And we get from the website of HTML source code, very few do not change line. This time the Single-line mode comes in handy, it can change the meaning of the point symbol. Modify the constructor of the Regex instance, using Regexoptions.singleline to declare the use of Single-line mode:
String pattern = @ "<div>.*</div>";
Regex regex = new Regex (pattern, regexoptions.singleline);
if (regex). IsMatch (str))
Console.WriteLine (regex. Match (str). Value);
Else
Console.WriteLine ("mismatch!");
/*
The results are:
<div>
Line 1
Line 2
</div>
*/
Inline modifiers for Single-line mode:
We can embed Single-line mode directly in a regular expression:
(? s) <div>.*</div>
(? s) modifier description, followed by a single-line pattern of the expression. So please do not put it at the end when using. You can also turn off Single-line mode using (? s).

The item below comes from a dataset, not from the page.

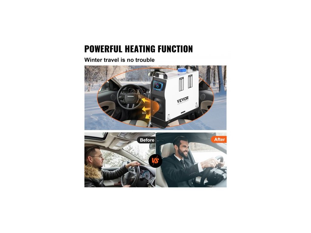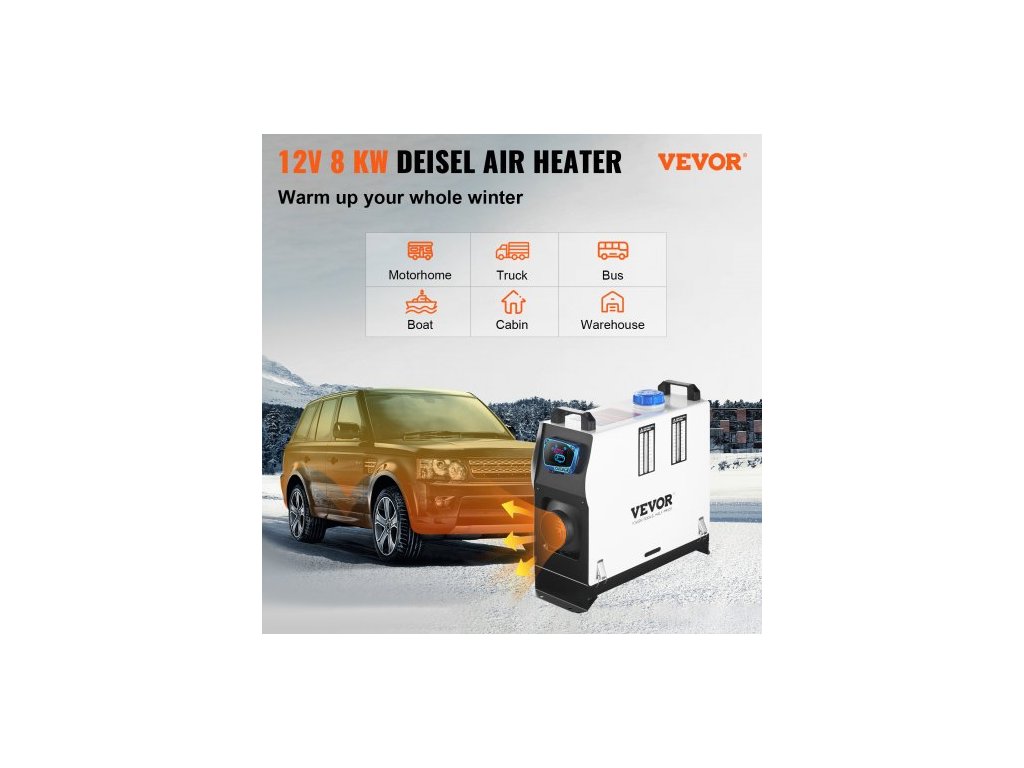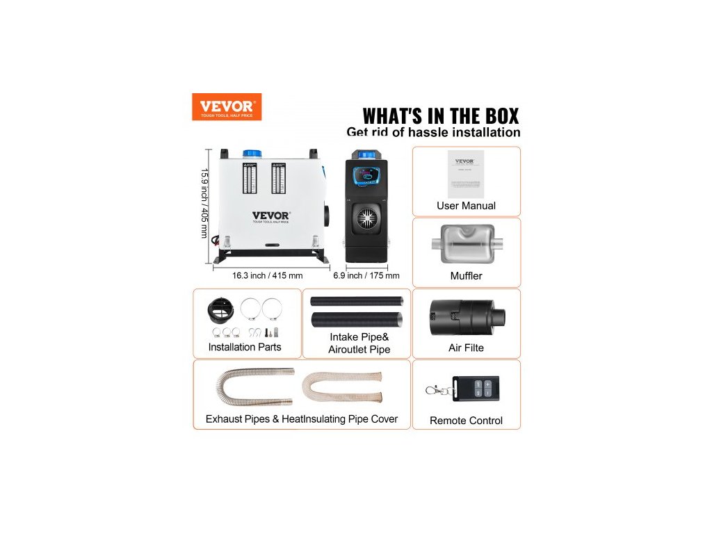 Nastavitelná teplota Rozsah: 64,4℉-104℉/18℃-40℃,Typ klimatizace: Topení,Typ paliva: Nafta,Jmenovité napětí: 12V,Spotřeba paliva: 0,1-0,24 (l/h)/0,026 - 0,063 (gal/h),Objem nádrže: 5l/1,3 gal,Úplný stupeň spalování: 100 %,Rozměry topení (D x Š x V): 13,8 x 5,9 x 16,1 palce/35 x 15 x 41 cm,Rozměry výfukového potrubí (D x Š): 60 x 2,5 cm/23,6 x 0,98 palce,Spínač: LCD,Dosah dálkového ovládání: 98 stop/30 m,Výkon topení: 8 kW,Rozměry vstupního potrubí (D x Š): 45 x 2,5 cm/17,7 x 0,98 palce, rozměry výstupní trubky (D x Š): 70 x 7,6 cm / 27,6 x 2,99 palce

Note: Embedding mode has precedence over the RegexOptions setting of the Regex class, so after using (? s), resolve in Single-line mode regardless of whether or not regexoptions.singleline is used.
2. Multi-line mode (Multiline)
MSDN Definition: Change the meaning of ^ and $ so that they match at the beginning and end of any line, not just the beginning and ending of the entire string.
Example:
There is a text file, each row of which is a username, which reads the file into the variable str for processing. Its contents are as follows:
24 Painting students
Terrylee
Mo Meet
Dflying Chen
Rainy
Blog Park, the name of your predecessors:
We want to find a username that starts with an English letter and writes the following code:
String pattern = @ "^[a-za-z]+.*";
Regex regex = new regex (pattern);
if (regex). IsMatch (str))
Console.WriteLine (regex. Match (str). Value);
Else
Console.WriteLine ("mismatch!");
The result is: mismatch!
Error Analysis:
(^) is the starting anchor of the string, and the first character of STR is a Chinese text, so it doesn't match. We can use multiline mode to change the meaning of (^) so that it matches the start of each row, not the beginning of the entire string.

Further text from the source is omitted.